We also created two demos. One to experiment with the TabPFNs predictions (https://huggingface.co/spaces/TabPFN/TabPFNPrediction) and one to check cross- validation ROC AUC scores on new datasets (https://huggingface.co/spaces/TabPFN/TabPFNEvaluation). Both of them run on a weak CPU, thus it can require a little bit of time. Both demos are based on a scikit-learn interface that makes using the TabPFN as easy as a scikit-learn SVM.

Installation

conda create -n TabPFN python=3.7
$environment_path$/pip install -r requirements.txt

To run the autogluon baseline please create a separate environment and install autogluon==0.4.0, installation in the same environment as our other baselines is not possible.

Getting started

A simple usage of our sklearn interface is:

from sklearn.metrics import accuracy_score
from sklearn.datasets import load_breast_cancer
from sklearn.model_selection import train_test_split

from tabpfn.scripts.transformer_prediction_interface import TabPFNClassifier

X, y = load_breast_cancer(return_X_y=True)
X_train, X_test, y_train, y_test = train_test_split(X, y, test_size=0.33, random_state=42)

# N_ensemble_configurations controls the number of model predictions that are ensembled with feature and class rotations (See our work for details).
# When N_ensemble_configurations > #features * #classes, no further averaging is applied.

classifier = TabPFNClassifier(device='cpu', N_ensemble_configurations=32)

classifier.fit(X_train, y_train)
y_eval, p_eval = classifier.predict(X_test, return_winning_probability=True)

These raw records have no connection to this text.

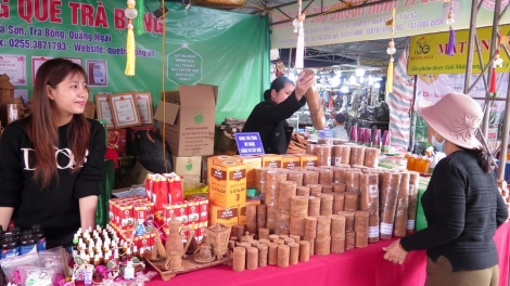 (VOV5) - Các sản phẩm OCOP của Quảng Ngãi như: Quế Trà Bồng, gà đen, gạo sạch, bánh tráng, nước mắm truyền thống được bày bán bắt mắt…
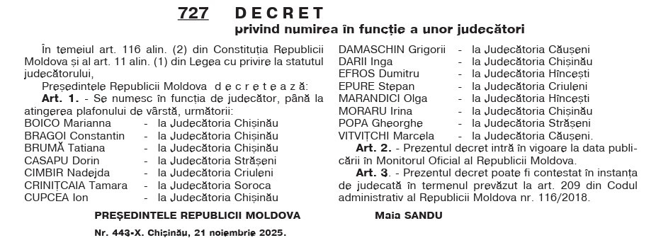 Decretul președintei Republicii Moldova, Maia Sandu, prin care numește mai mulți judecători în funcție până la atingerea plafonului de vârstă, a fost publicat în Monitorul Oficial și a intrat în vigoare, comunică MOLDPRES.
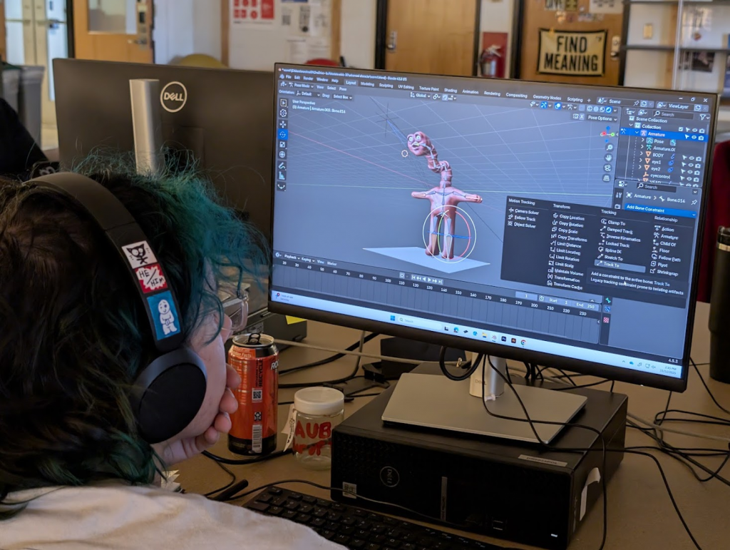 Photo of student, Aubs, making a thing. The image is unrelated to this page, but we don’t know how to remove it.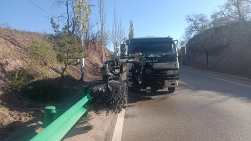 府谷公路段提前准备,在沿黄观光路集中开展了多项路域环境整治工作。对全路段进行清扫、并冲洗污染路段,修补路面病害,清理落石、清洗护栏,加大垃圾清理力度,与沿线各县、乡政府沟通配合对脏乱路段进行清理,沟通砂场负责人禁止出砂,保证路口干净整洁,暂时拆除限高架,配合赛中各类宣传引导和物资保障车辆通过。投入了大量人工和机械作业,保持自行车赛事路段路域环境美丽整洁。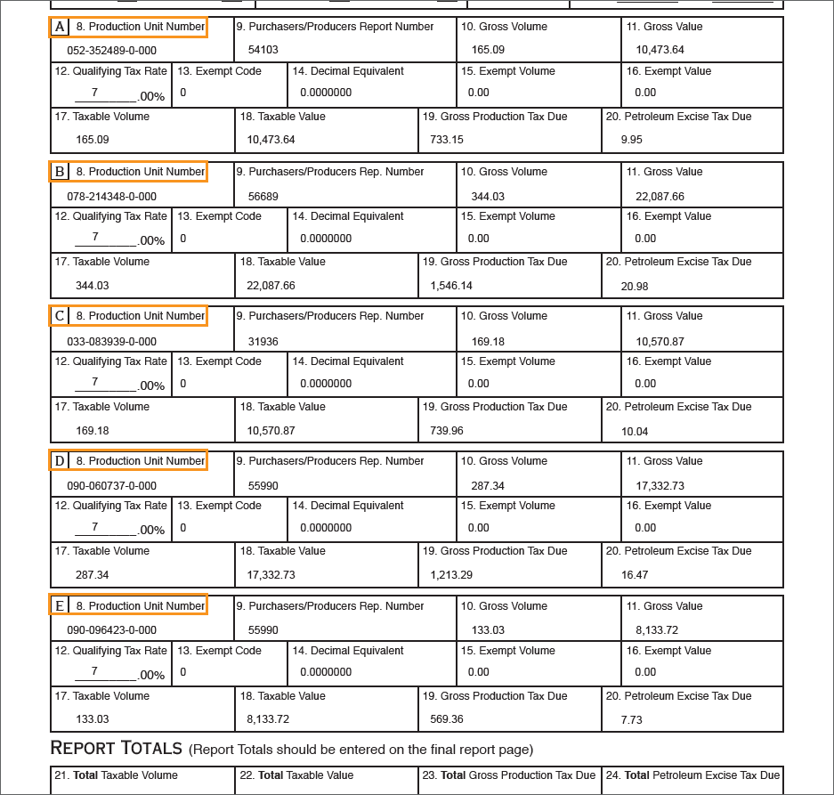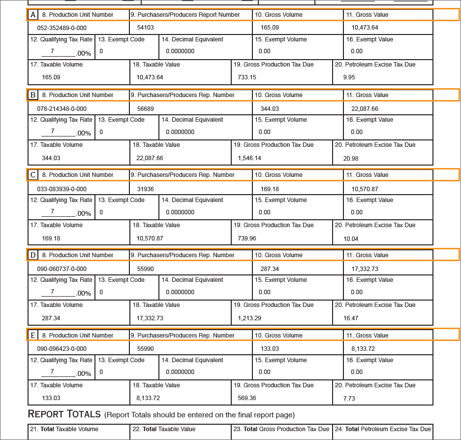 The Divider, Geometric, and Simple section extraction methods get into the "meat and potatoes" functionality of Data Sections. As well as being able to target single-instance sections, they have increased functionality to target multiple repeating sections containing the same data. We will target the repeating sections on this "Gross Production Monthly Tax Report" (henceforth called "Reporting Sections"). These sections can be targeted in different ways using any of these three section extraction methods. Their configurations are a little different, but at the end of the day, each of them can easily intuit the five reporting sections and their general boundaries. GeometricThe Geometric method uses a variety of tools in Grooper's toolbox to create a logical rectangular region around the sections you wish to extract. Any and all text falling within these rectangular zones form the section instances. The basic process to draw these zones is two-fold.

print('Accuracy', accuracy_score(y_test, y_eval))

TabPFN Usage

TabPFN is different from other methods you might know for tabular classification. Here, we list some tips and tricks that might help you understand how to use it best.

  • Do not preprocess inputs to TabPFN. TabPFN pre-processes inputs internally. It applies a z-score normalization (x-train_x.mean()/train_x.std()) per feature (fitted on the training set) and log-scales outliers [heuristically]. Finally, TabPFN applies a PowerTransform to all features for every second ensemble member. Pre-processing is important for the TabPFN to make sure that the real-world dataset lies in the distribution of the synthetic datasets seen during training. So to get the best results, do not apply a PowerTransformation to the inputs.
  • TabPFN expects scalar values only (you need to encode categoricals as integers e.g. with OrdinalEncoder). It works best on data that does not contain any categorical or NaN data (see [Appendix B.1]).
  • TabPFN ensembles multiple input encodings per default. It feeds different index rotations of the features and labels to the model per ensemble member. You can control the ensembling with TabPFNClassifier(...,N_ensemble_configurations=?)
  • TabPFN does not use any statistics from the test set. That means predicting each test example one-by-one will yield the same result as feeding the whole test set together.
  • TabPFN is differentiable in principle, only the pre-processing is not and relies on numpy.